■ **SUPPLIED DATA**
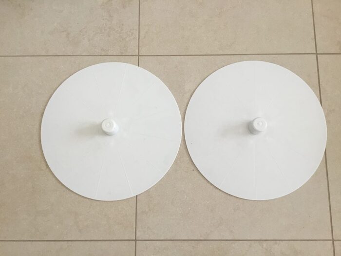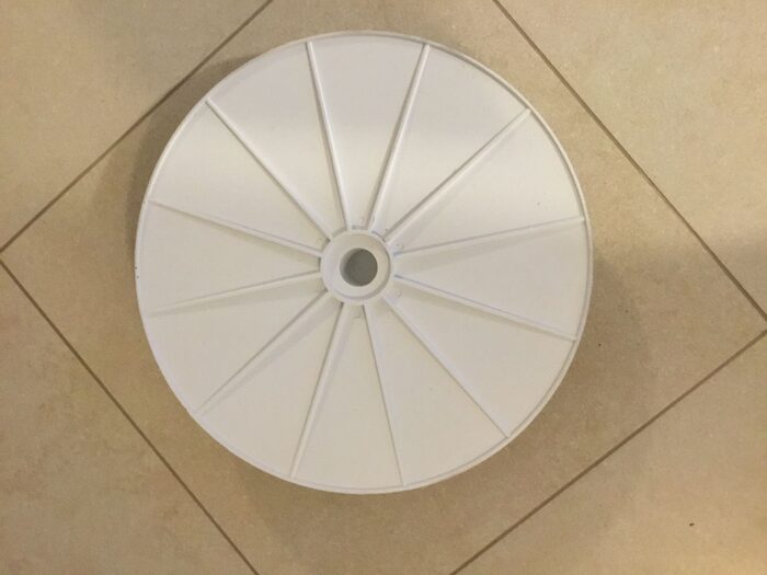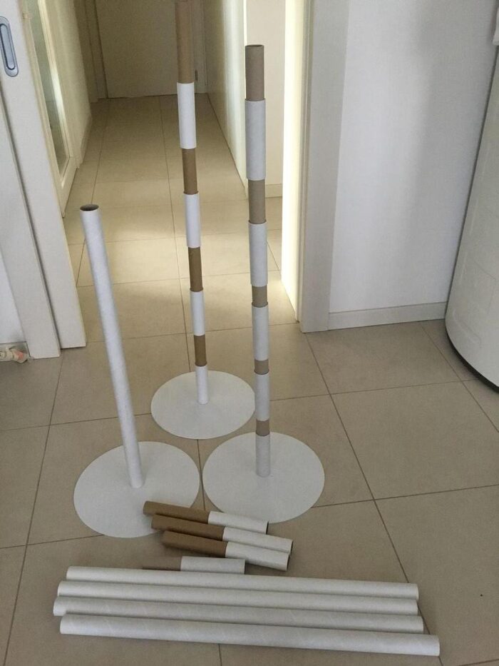 Una base in plastica bianca rotonda diam 34 cm, con supporto centrale di diametro 3,5 cm. Per ciascuna metterò 4-5 tubi in cartone spesso che si innestano sulla base e fra di loro. Potrei avere per ciascuna base anche il tubo bianco lungo da solo 80 cm, di cui i primi sarebbero le prolunghe (ma questi da 80 li riesco a dare solo con consegna a mano o con spedizione diretta a vs carico, perché non stanno dentro agli scatoloni delle collettive).Rimanenze di allestimenti promozionali eseguiti per lavoro in supermercati. 2 crediti per base + relativi tubi.Magari qualcuno si inventa un uso alternativo. Ne ho una decina a disposizione .
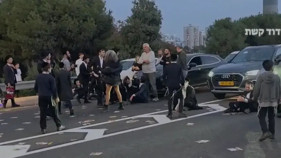 כביש 4 נחסם במחלף גהה בעקבות הפגנת חרדים, עימותים במקום | תיעוד
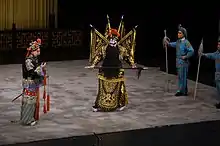 - Kunqu (昆曲 kūnqǔ) — a style of Chinese opera that originated in Kunshan but is now performed nationwide, and regarded by many to be the most refined form of Chinese opera. In modern times, Beijing and Suzhou are considered to be the main centres of this style of opera. It can be divided into at least two distinct styles: northern style kunqu (北曲 běiqǔ) and southern style kunqu (南曲 nánqǔ). The former is mainly performed in Mandarin, while the latter is mainly performed in the Suzhou dialect of Wu Chinese.
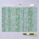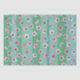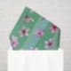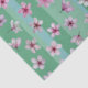 Des fleurs de prune rose flottent sur des rayures vertes et aqua.

■ **WHAT TO WORK ON**
Give back the material exactly as written, images excluded.

■ **THE ANSWER**
 Una base in plastica bianca rotonda diam 34 cm, con supporto centrale di diametro 3,5 cm. Per ciascuna metterò 4-5 tubi in cartone spesso che si innestano sulla base e fra di loro. Potrei avere per ciascuna base anche il tubo bianco lungo da solo 80 cm, di cui i primi sarebbero le prolunghe (ma questi da 80 li riesco a dare solo con consegna a mano o con spedizione diretta a vs carico, perché non stanno dentro agli scatoloni delle collettive).Rimanenze di allestimenti promozionali eseguiti per lavoro in supermercati. 2 crediti per base + relativi tubi.Magari qualcuno si inventa un uso alternativo. Ne ho una decina a disposizione .
 כביש 4 נחסם במחלף גהה בעקבות הפגנת חרדים, עימותים במקום | תיעוד
 - Kunqu (昆曲 kūnqǔ) — a style of Chinese opera that originated in Kunshan but is now performed nationwide, and regarded by many to be the most refined form of Chinese opera. In modern times, Beijing and Suzhou are considered to be the main centres of this style of opera. It can be divided into at least two distinct styles: northern style kunqu (北曲 běiqǔ) and southern style kunqu (南曲 nánqǔ). The former is mainly performed in Mandarin, while the latter is mainly performed in the Suzhou dialect of Wu Chinese.
 Des fleurs de prune rose flottent sur des rayures vertes et aqua.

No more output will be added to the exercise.